2.1.9. General Deprotection Procedure of GlcNAc Polymers

Deprotection was carried out according to a standard Zemplén procedure [63]. GlcNAc polymers were dissolved in dry methanol in a sealed tube under Ar atmosphere. NaOMe (30% solution in methanol; 0.2 eq referring to glycoside content) was added and the mixture stirred at room temperature overnight. Water was added until the precipitated polymers were dissolved. Addition of ion exchange resin (Dowex 50WX8, 200–400 mesh, Carl Roth, Karlsruhe, Germany) followed by filtration and lyophilization yielded the products as yellowish powders. The crude polymer was further purified by 3 times dissolving in methanol and precipitation in 10-fold excess of Et₂O, followed by dissolution in ddH₂O and lyophilization. Pure polymers were obtained as white powder.

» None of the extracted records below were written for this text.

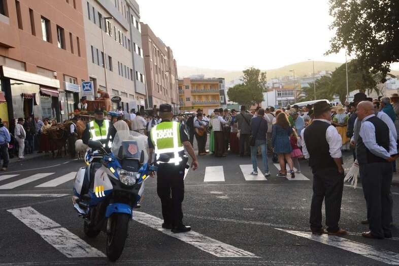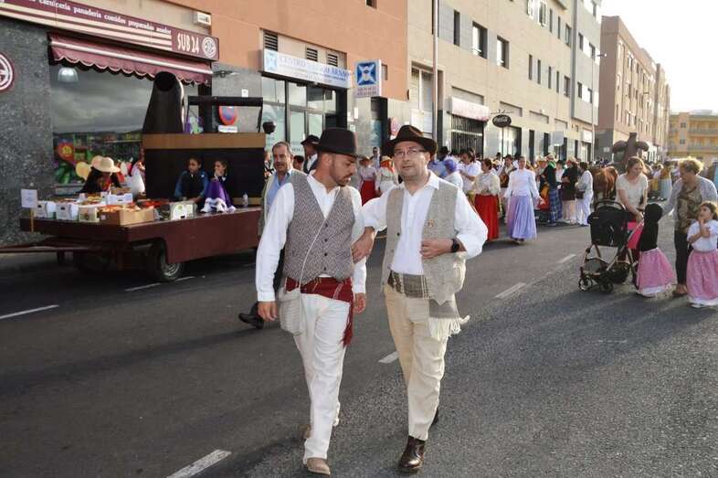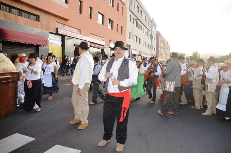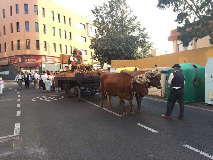 Telde.- El barrio sanjuanero disfrutó esta tarde-noche de la romería ofrenda a su patrón. Un desfile popular que, con ocho carretas y siete grupos folclóricos, partió desde el sector de Arnao, de la calle de Licenciado Gilberto Monzón Mayor, para acabar a los pies de la Basílica, en donde esperaba la imagen de San Juan Bautista.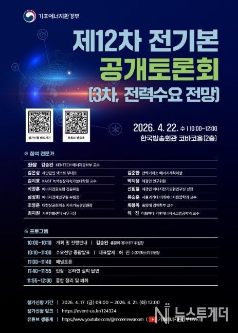 기후에너지환경부와 12차 전기본 수립 총괄위원회는 4월 22일 10시부터 서울 양천구 소재 한국방송회관 코바코홀(2층)에서 3차 대국민 정책토론회를 개최한다고 밝혔다.
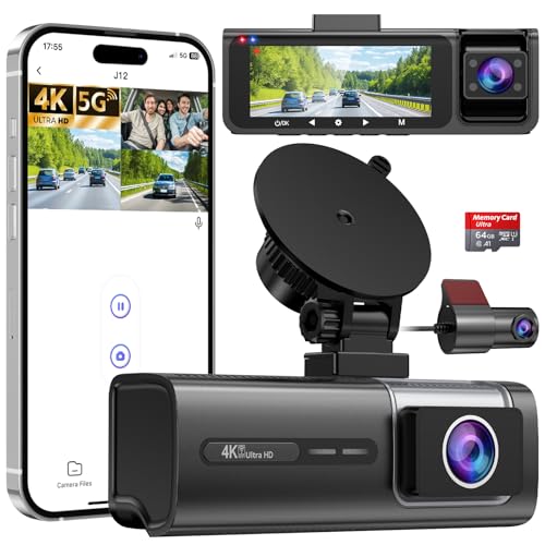 GKU 4K 3 Channel Dash Cam,5G WiFi DashCam,4K+1080P+1080P Dash Cam Front and Rear and Inside,Built-in GPS,170° Wide Angle DashCam,24H Parking Mode,64GB Card,3-Inch Screen,Max 512GB.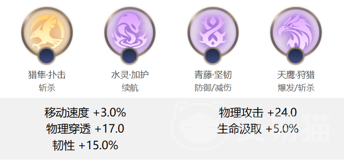 这套星石的搭配方案是“猎隼·扑击+水灵·加护+青藤·坚韧+天鹰·狩猎”,它们可以提供给西施3%的移速,24点攻击,17点物理穿透,5%的生命汲取和15%的韧性,这些属性对于西施来说都是十分重要的,其中高额的攻击和物理穿透可以让她前期刷野和打人都更有效率。

2.2. Preparation of Polymer Coatings

Polymers were diluted to a concentration of 25 or 5 mg/mL in a H₂O/ethanol 5:1 mixture. The mixture was sterile filtered before use. From the mixture, 20 µL was pipetted into each well of a 48-well plate, 34.6 µL into each well of a 24-well plate, or 5.76 µL into each well of a 96-well plate. The plates were allowed to dry under sterile conditions for at least 4 h and crosslinked with 3 J/cm² UV light at 254 nm, followed by 3× washings with 250 µL of phosphate-buffered saline (PBS).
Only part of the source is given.